Privacy & data model
What we collect — and what we never do
VisitorsToday is built privacy-first: first-party only, no third-party cookies, no cross-site or cross-device tracking, no personal data. Here is exactly how it works — no fine print.
What we collect
What we never collect
- ✓No third-party cookies.
- ✓No cross-site or cross-device tracking — your visit id is scoped to one site.
- ✓No raw IP storage — it is used transiently at the edge for coarse geo, then discarded.
- ✓No personal data (names, emails, accounts). Custom event properties are size-capped and you control what you send.
- ✓No selling, sharing, or ad-network enrichment of any data.
The data model
Events flow from the tracker to an append-only event stream, then into a durable store plus daily roll-ups that power your dashboard. You can export everything as CSV or JSON at any time, and delete a site to remove its data.

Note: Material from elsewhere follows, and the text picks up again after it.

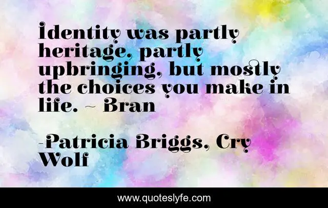 This page presents the quote "Identity was partly heritage, partly upbringing, but mostly the choices you make in life. ~ Bran". Author of this quote is Patricia Briggs, Cry Wolf. This quote is about choices, upbringing, identity, heritage,.

Data retention — kept for the life of your account
Your analytics history is yours to keep. Events land in a durable store, not a rolling window — no 6-day cap, no automatic deletion. See your first day's data years from now, and pull any of it out via the export at any time. When you delete a site, its data is removed.
Compliance posture
The data practices above are designed to align with the principles of GDPR and CCPA — data minimisation, no personal data, no third-party sharing. Note: VisitorsToday currently uses a first-party browser identifier (localStorage); depending on your jurisdiction and how you use the product, you should evaluate your own consent obligations. This page describes what the product does so you can make that assessment — it is documentation, not legal advice.